No puede, decían en síntesis, un capellán acercarse a un enfermo que está próximo a morir y teme morir, hablarle de la muerte y animarlo a afrontarla con entereza, si él mismo, el capellán, no se ha planteado el problema de su propia muerte, si él no está preparado para morir él mismo, en ese instante. No se puede decir a un moribundo palabras de rutina; las palabras convincentes solo salen de un corazón convencido; tienen que expresar una honda fe en lo que uno dice, una experiencia personal de vida, un testimonio de la propia actitud ante la muerte, que al capellán también lo espera.

El problema del capellán no es el mismo que el del médico. El capellán ha acudido a atender un enfermo de su propia religión, que comparte su fe y su actitud ante la vida y ante la muerte. Y está allí para eso, para ayudarlo a morir bien: con coraje, con dignidad, con confianza, con paz, dentro de esa fe compartida.

El médico en cambio puede compartir o no la fe religiosa o la falta de fe o la filosofía de la vida de su enfermo. En algún caso un médico creyente, o simplemente humanitario, querrá ayudar a su hermano enfermo, desde una fe común o desde una actitud común ante la muerte. El médico se hará consejero espiritual de un enfermo pero esto será desde otro punto de vista que el propio del médico.

No se trata aquí tampoco de la actitud del médico ante su propia muerte. Se trata de la actitud del médico ante la muerte de su enfermo o, si se quiere, ante la actitud de su enfermo ante su propia muerte, sea esta compartida o no por el médico.

Un célebre historiador de la Medicina, el profesor Guthrie, de Escocia, dedica en su tratado sobre la materia un capítulo a la Medicina en la Edad Media.

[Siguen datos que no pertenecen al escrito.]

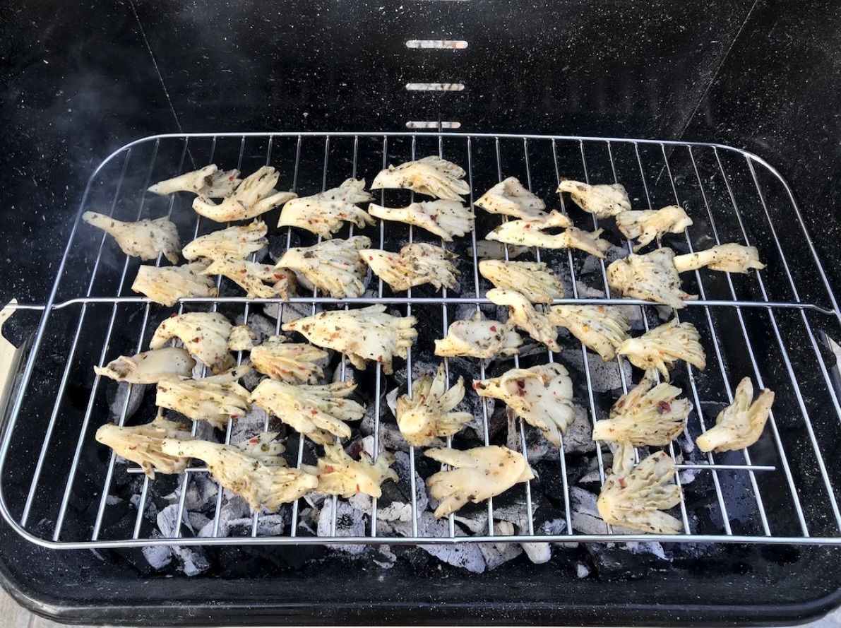 Serwowanie: Grilluj boczniaki, aż pięknie się zrumienią i staną chrupiące. Podawaj od razu po zdjęciu z grilla.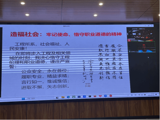 最后,涂善东院士发起“恪守工程伦理和职业道德”的倡议并带领全体与会师生庄严宣誓。相信即将步入工程及相关领域的2023届毕业生必将牢记使命,恪守“公众安全、永在首位;履职专业、精益求精;言行如一、惟诚惟信;进取不懈、矢志创新”的铮铮誓言。讲座在全场热烈的掌声中圆满结束。(审稿  孙丽娜)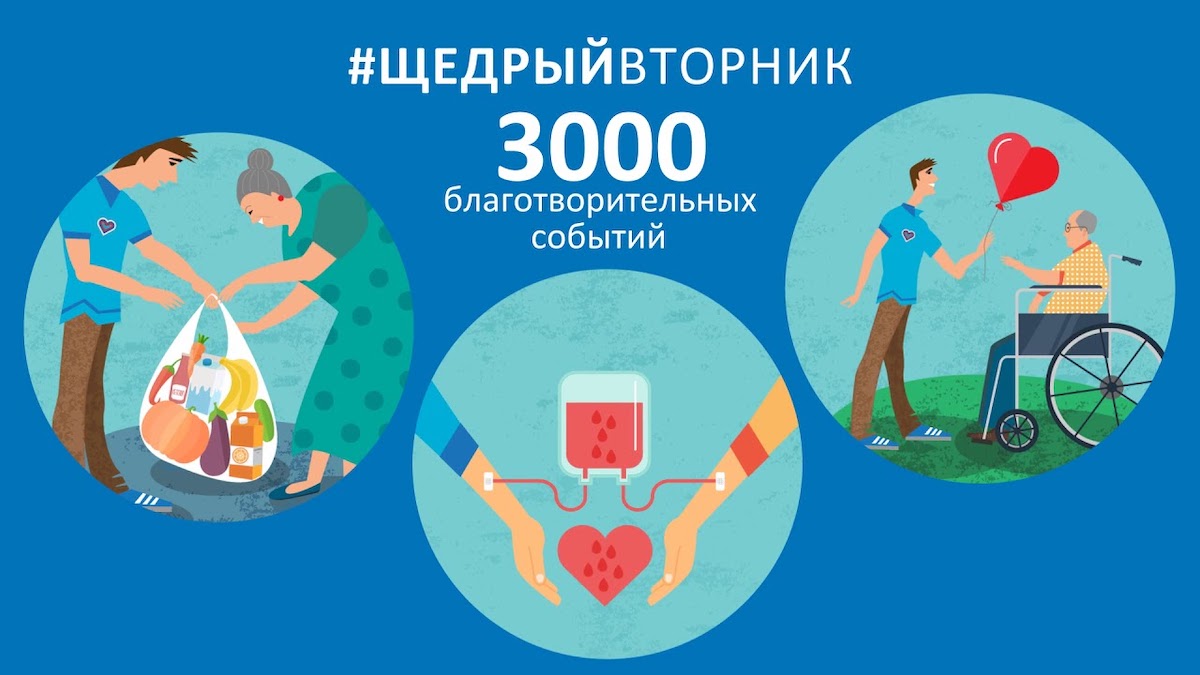 #ЩедрыйВторник будет проходить в России в четвертый раз. По данным инициаторов движения, в 2018 году сумма онлайн-пожертвований в среднем выросла в два раза по сравнению с обычным днем и составила 2,6 млн рублей (данным платформ — участников исследования). В целом, в #ЩедромВторнике участвовали более 2700 партнеров из 275 населенных пунктов.

Yo fui un tiempo profesor de Historia de la Medicina, había leído o consultado varios textos sobre la materia y por lo general me había encontrado con una actitud más bien despectiva de los autores al tratar esa época: poco o nulo progreso científico experimental, oscurantismo medieval... Pero Guthrie decía que la Edad Media había sido como una edad de oro de la Medicina. ¿Cómo así? Porque la cristiandad medieval había enseñado a los médicos que el enfermo no es un simple animal que sufre, que es un hijo de Dios, creado a su imagen y semejanza y dotado de un destino eterno. La Medicina, explicaba, se separó allí definitivamente de la veterinaria y alcanzó su dignidad propia.

El enfermo que se muere no es tan solo un organismo en crisis, próximo al desenlace. O, por lo general, no cree serlo. Él piensa, sabe o cree que es más que eso. Próximo a la muerte oye la voz de su conciencia, voz que tal vez lo intranquiliza; renace en él la voz acallada pero persistente de la fe que tuvo de niño y que tal vez se fue apagando a lo largo de la vida; se aferra a una esperanza tal vez dormida, que lo ayude a desprenderse de todo aquello que, lo quiera o no lo quiera, está a punto de dejar para siempre. Y puede ser también un hombre de fe inalterada que quiere morir tal como ha vivido, fiel a sus creencias.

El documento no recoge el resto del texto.